Exercise details: Text only, exactly as given: reproduce the entries below without their pictures.

Records:
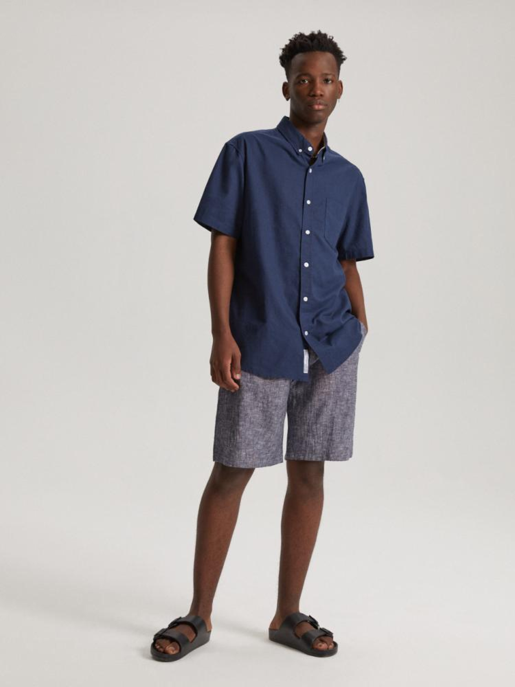 Рубашка LINS SH 10041736 Рубашка обычного кроя: - воздушная ткань из смеси хлопка и льна, - нагрудный карман, – застегивается на пуговицы. Сезон: Весна/Лето Состав: 55% лен 45% хлопок Уход: - стирка при максимум 30 °С - не отбеливать - не сушить в сушильной машине - гладить максимум при темп. 150 °С - не химчистка Размер на модели – XL Рост модели – 176 см
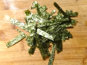 ![]() ⑥丼にご飯を盛りつけ、上に海苔を散らし、更にその上に肉を盛りつけたら、完成です。 |
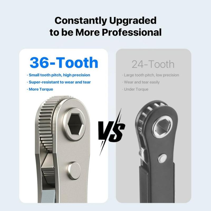 The right-angle design makes it much easier to work inside narrow spaces where a standard screwdriver cannot move freely. With its 36-tooth ratcheting mechanism, the tool provides smoother turning with a smaller swing arc, helping improve control and reduce hand fatigue during repeated use. It can also be used in straight mode, giving you extra flexibility for more conventional repair tasks.
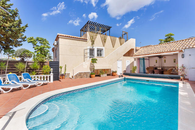 Välkommen till en elegant villa belägen i det charmiga området San Miguel de Salinas. Denna fantastiska bostad erbjuder en perfekt kombination av komfort och stil, med en lummig trädgård, en uppvärmd poolen och jacuzzi – en oas av avkoppling och njutning.
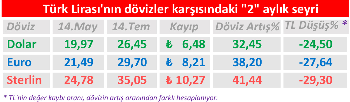 DOLAR… Türkiye’de cumhurbaşkanlığı seçiminin 1’nci turu ile milletvekilliği genel seçimlerinin yapıldığı 14 Mayıs’ta 19.97 olan dolar/TL dün 26.45’e çıkarken, iki aylık sürede artış oranı %32.45 oldu.
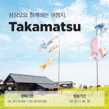 에어서울 관계자는 “다카마쓰는 리쓰린 공원이나 쇼도시마, 나오시마 섬 등 여유로운 스팟에서 만개한 봄꽃여행을 즐기기 좋은 소도시”라며, “가족이나 친구들끼리 이번 프로모션을 이용해 여행을 다녀오시기 추천드린다”고 말했다.
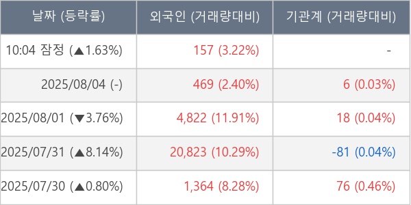 [표] 외국인ㆍ기관 순매매량 (단위 주)
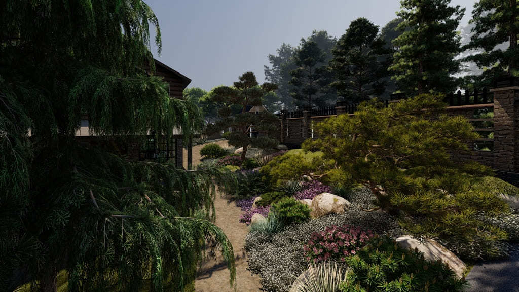 - Размер участка. Если он небольшой, при высаживании растений стоит ограничиться скромным набором видов. В качестве центрального элемента может выступать небольшое дерево. При внушительных же размерах территории важно использовать продуманное сочетание заполненности и пустоты, чтобы не нарушить главный принцип японского сада — принцип гармонии.
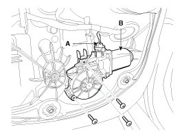 3. After loosening the mounting screws, then remove the power window motor (B).
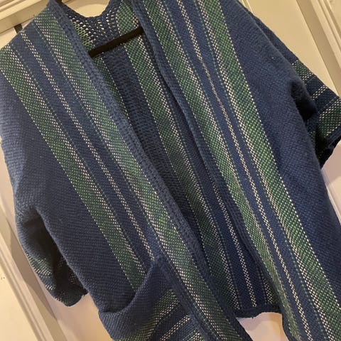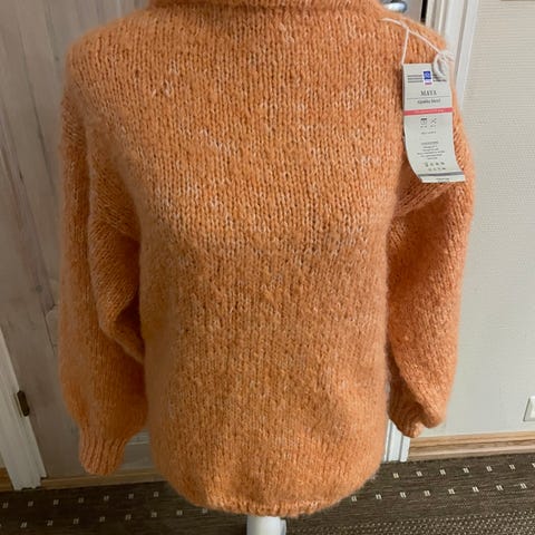 Håndstrikket genser med fadet stripeeffekt i hvitt og forskjellige blå/turkise toner strikket med 3 tråder; en blanding av alpakka, ull, kasjmir og litt syntetisk. Nederkanten og mansjettene er strikket med et supermykt effektgarn/pelsgarn.
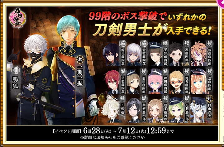 - なお、今回('22夏)の99階ボスマスでは刀派:粟田口のみ入手可能となっている。(鬼丸国綱を除く)

Expected output:
 Рубашка LINS SH 10041736 Рубашка обычного кроя: - воздушная ткань из смеси хлопка и льна, - нагрудный карман, – застегивается на пуговицы. Сезон: Весна/Лето Состав: 55% лен 45% хлопок Уход: - стирка при максимум 30 °С - не отбеливать - не сушить в сушильной машине - гладить максимум при темп. 150 °С - не химчистка Размер на модели – XL Рост модели – 176 см
 ![]() ⑥丼にご飯を盛りつけ、上に海苔を散らし、更にその上に肉を盛りつけたら、完成です。 |
 The right-angle design makes it much easier to work inside narrow spaces where a standard screwdriver cannot move freely. With its 36-tooth ratcheting mechanism, the tool provides smoother turning with a smaller swing arc, helping improve control and reduce hand fatigue during repeated use. It can also be used in straight mode, giving you extra flexibility for more conventional repair tasks.
 Välkommen till en elegant villa belägen i det charmiga området San Miguel de Salinas. Denna fantastiska bostad erbjuder en perfekt kombination av komfort och stil, med en lummig trädgård, en uppvärmd poolen och jacuzzi – en oas av avkoppling och njutning.
 DOLAR… Türkiye’de cumhurbaşkanlığı seçiminin 1’nci turu ile milletvekilliği genel seçimlerinin yapıldığı 14 Mayıs’ta 19.97 olan dolar/TL dün 26.45’e çıkarken, iki aylık sürede artış oranı %32.45 oldu.
 에어서울 관계자는 “다카마쓰는 리쓰린 공원이나 쇼도시마, 나오시마 섬 등 여유로운 스팟에서 만개한 봄꽃여행을 즐기기 좋은 소도시”라며, “가족이나 친구들끼리 이번 프로모션을 이용해 여행을 다녀오시기 추천드린다”고 말했다.
 [표] 외국인ㆍ기관 순매매량 (단위 주)
 - Размер участка. Если он небольшой, при высаживании растений стоит ограничиться скромным набором видов. В качестве центрального элемента может выступать небольшое дерево. При внушительных же размерах территории важно использовать продуманное сочетание заполненности и пустоты, чтобы не нарушить главный принцип японского сада — принцип гармонии.
 3. After loosening the mounting screws, then remove the power window motor (B).
 Håndstrikket genser med fadet stripeeffekt i hvitt og forskjellige blå/turkise toner strikket med 3 tråder; en blanding av alpakka, ull, kasjmir og litt syntetisk. Nederkanten og mansjettene er strikket med et supermykt effektgarn/pelsgarn.
 - なお、今回('22夏)の99階ボスマスでは刀派:粟田口のみ入手可能となっている。(鬼丸国綱を除く)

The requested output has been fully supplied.